Soon the Reverend Hugh Black, assistant minister at the Free St George's Church in Edinburgh persuaded the Presbyterian kirk to allow the installation of an organ at St George's. An organ was procured. According to some stories, Black travelled to Nottingham to hear Hollins play, and offered Hollins the position there and then. Hollins accepted the offer and was then committed to St George's for the rest of his life.

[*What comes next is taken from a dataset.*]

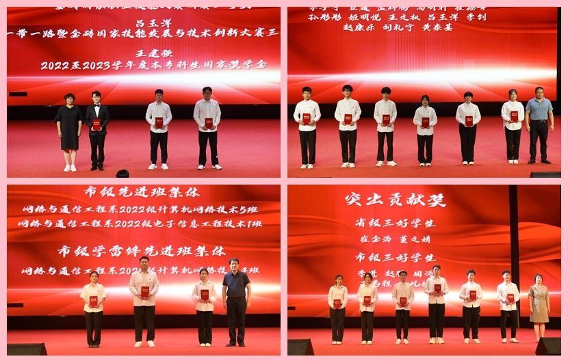 表彰大会上,网络与通信工程系党总支书记致辞,她对在各级各类职业技能大赛中取得优异成绩和在国家、省市级三好学生、优秀学生干部和奖学金评比过程中获得荣誉的同学表示祝贺,希望广大师生要以省、市级党建“双创”工作开展为契机,积极对标先进,亮身份、树典型,高标准、严要求,从而在全系上下大力营造比学赶帮超的浓厚氛围。网络与通信工程系主任宣读表彰决定,希望受到表彰的同学珍惜荣誉、戒骄戒躁,发扬成绩、再接再厉,全系师生要进一步凝心聚力、勇于担当、敢于创新,为实现学院高质量发展和系部长远发展做出应有的贡献。会上分别为获得特别贡献奖和突出贡献奖的先进个人代表进行了颁奖。

In 1923, Hollins played at the inaugural recital of the Caird Hall Organ, Dundee, Scotland, which he had designed. This famous concert organ was the first built by Harrison & Harrison, Durham, England, and has been maintained by them since. It is a Grade 1 Historic Organ (BIOS) and is recognized as one of the finest instruments of its kind in the UK and further afield.

==Concert tours==
Hollins made multiple concert tours. His first tours of the United States took place in 1886 and 1888, when he played with many leading orchestras. In 1904, Hollins toured New Zealand and Australia. In 1907, 1909 and 1916 he went to South Africa to give a series of concerts at Johannesburg, Port Elizabeth, and Cape Town, giving the opening recital for the organ at the new Town Hall in Cape Town. He had been instrumental in developing the specification for the organ. On 2 and 9 August 1907 he played on the Feather Market Hall organ, Port Elizabeth, which at that time was the largest organ in South Africa. In 1913 he played in Germany, recording for the Welte Philharmonic Organ.

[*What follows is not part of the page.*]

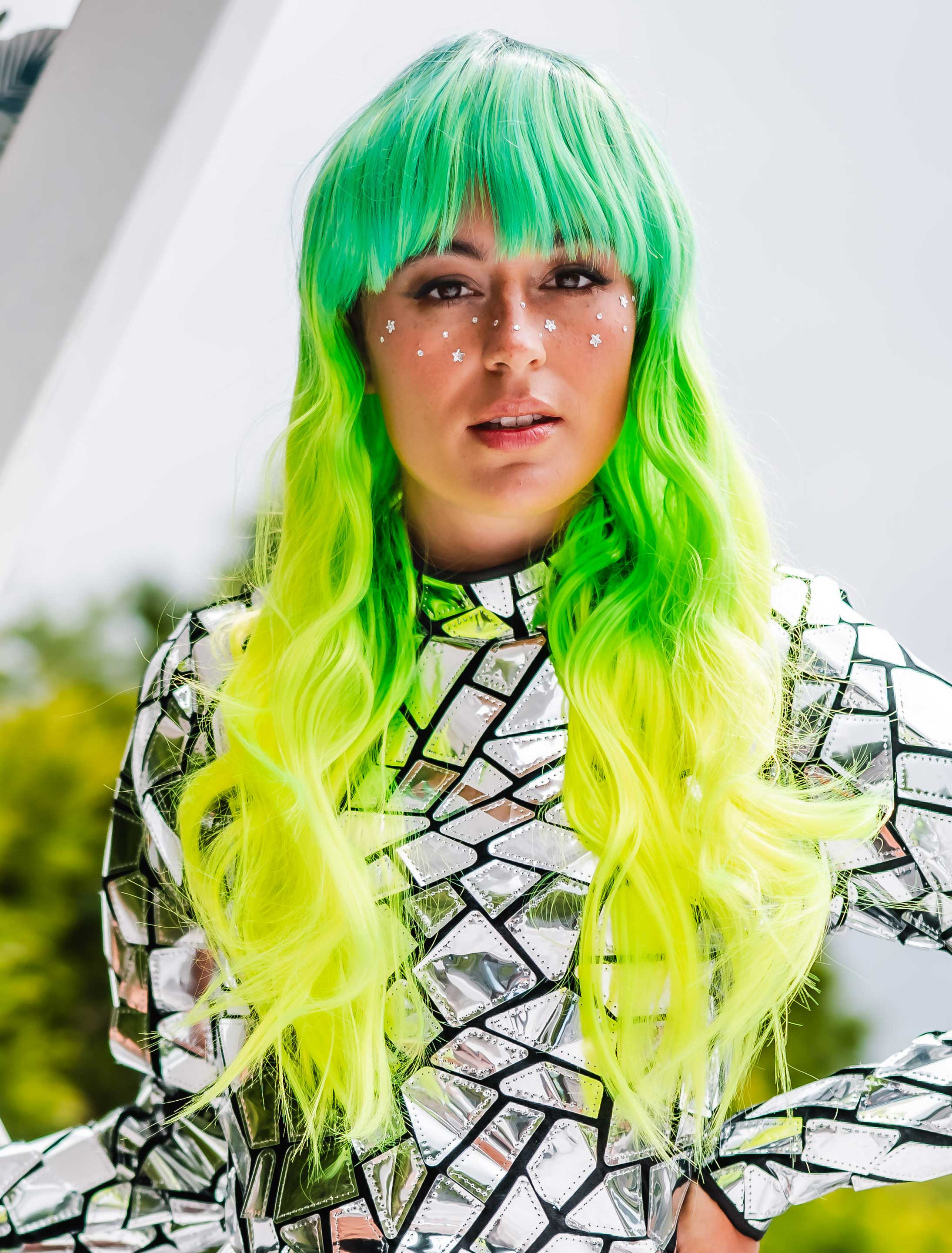 Perücke Langhaar glatt mit Pony neongrün

In 1925–26 Hollins gave a major tour of the United States, during which he visited 65 cities. It has been estimated that Hollins traveled some 600,000 miles on his concert tours.

==Composition==
Hollins composed over 50 organ works and some church music, as well as a small number of secular solo songs, part-songs and piano pieces. There are three substantial Concert Overtures for the organ (1885, 1899 and 1922), showing the influence of Mendelssohn. The published anthems include The Earth is the Lord's and O Worship the Lord. His best known work is A Song of Sunshine, a short organ piece published in 1913. Recordings of his organ compositions have been made by David Liddle and Timothy Byram-Wigfield.

In 1922, Hollins was awarded an honorary doctorate of music from the University of Edinburgh. This was in addition to being made an Honorary Fellow of the Royal College of Organists in 1904.

Hollins was a close friend of another blind organist, William Wolstenholme, and the two often played each others' compositions. In later years, Hollins wrote A Blind Musician Looks Back, his memories as an organist and teacher.

He died in Edinburgh in 1942, aged 76.